Just as an FYI, I manually moved the head to the right to get a little cleaning wipe on the lens. I did this with the machine on. If you do this, it seems that the machine doesn’t realize it has been moved, and does not recalibrate unless you power cycle. So your print would be offset from where you expected it.
Support is adamant about the machine being off when manually moving the gantry or head because it can damage the machine.
This is true, the uses stepper motors and just counts steps to know where it is at.
They didn’t wag a finger at me so I don’t know for sure but I may have contributed to a failure on my PRU by not turning it off once. Always turn it off for any maintenance.
So if that happens, does it reset with a power cycle or is it wonky forever.
I power cycled and it seems to back to normal. It did some funny adjustments with the head right beneath the camera. Maybe the camera is the absolute reference point?
Yes. The homing procedure is how the machine orients itself to know where the head is in relation to the bed.
Every time you boot the goes through an alignment procedure and everything gets zeroed out. There have been suggestions to boot at least once a day but I find this normally to be unnecessary.
As @astevens suggests, this uses the lid camera and the logo on the head to do its magic.
Boot once a day… do you normally leave it on all the time?
Sometimes it will stay on for several days at a time, especially weekends.
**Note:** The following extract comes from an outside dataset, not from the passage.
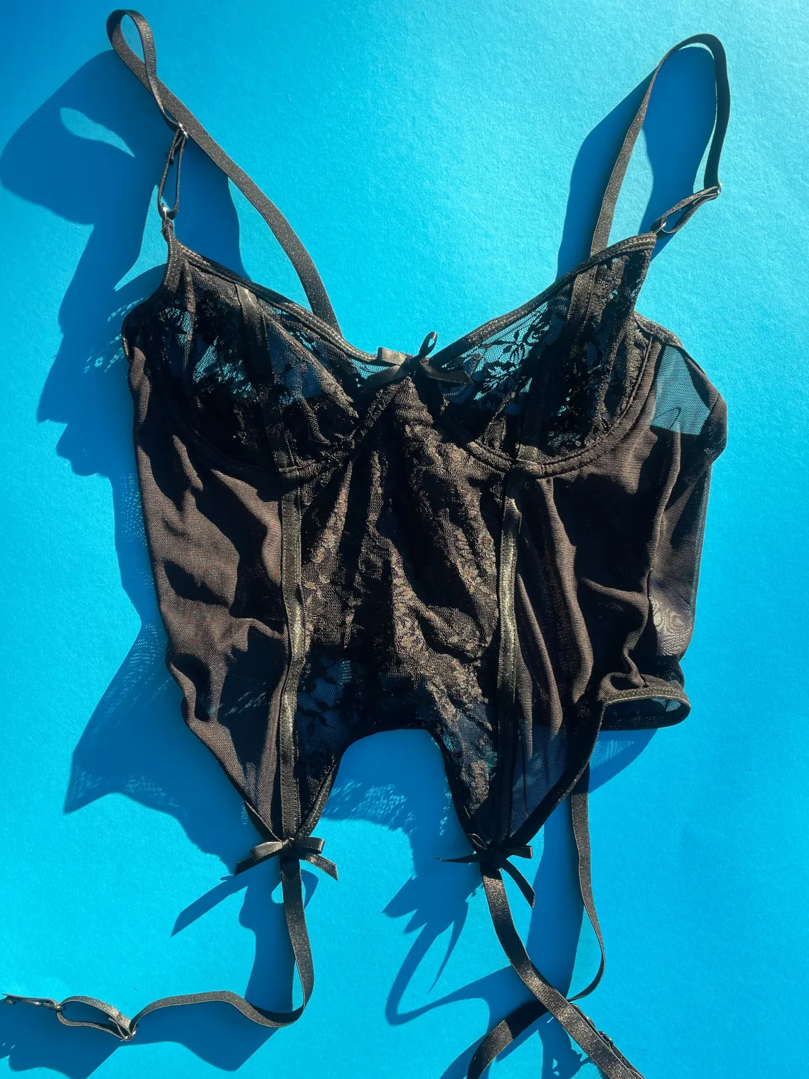 KissKill’s Evie corset is a mesh-bodied corset with underwire and lace cups.

I normally turn it off when I am at work but sometimes I forget.
That’s part of the magic on the Prusa i3 mk3 is they sense current drawn by the motor so are aware of movement and skipped steps so no limit switches (just run inTo the end of the rail) and purportedly can correct from a slipped layer!
I had no idea. FDM printers just keep getting better. I see where they have gone in the 3 or 4 years I’ve been seriously following and have to wonder where they will be in another 5?
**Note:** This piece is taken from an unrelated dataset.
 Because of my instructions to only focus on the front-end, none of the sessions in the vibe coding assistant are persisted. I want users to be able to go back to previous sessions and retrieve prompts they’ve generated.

FDM printers just keep getting better.
Prusa’s been innovating like crazy. The core platform is solid so now the Original Prusa i3 Mk3 adds things that make the whole process easier, like remembering what it was doing when it lost power, so when power is restored it can resume, and a connector for a Raspberry Pi Zero W so it’s easy to add Octoprint. And integrating lots of innovations that were add-ons / mods, like a magnetic removable print bed, broken or jammed filament detector. Their Multi-Material Upgrade is awesome, too.
Though if you want to go really bleeding edge, check out Carbon3D. That’s some awesome Science.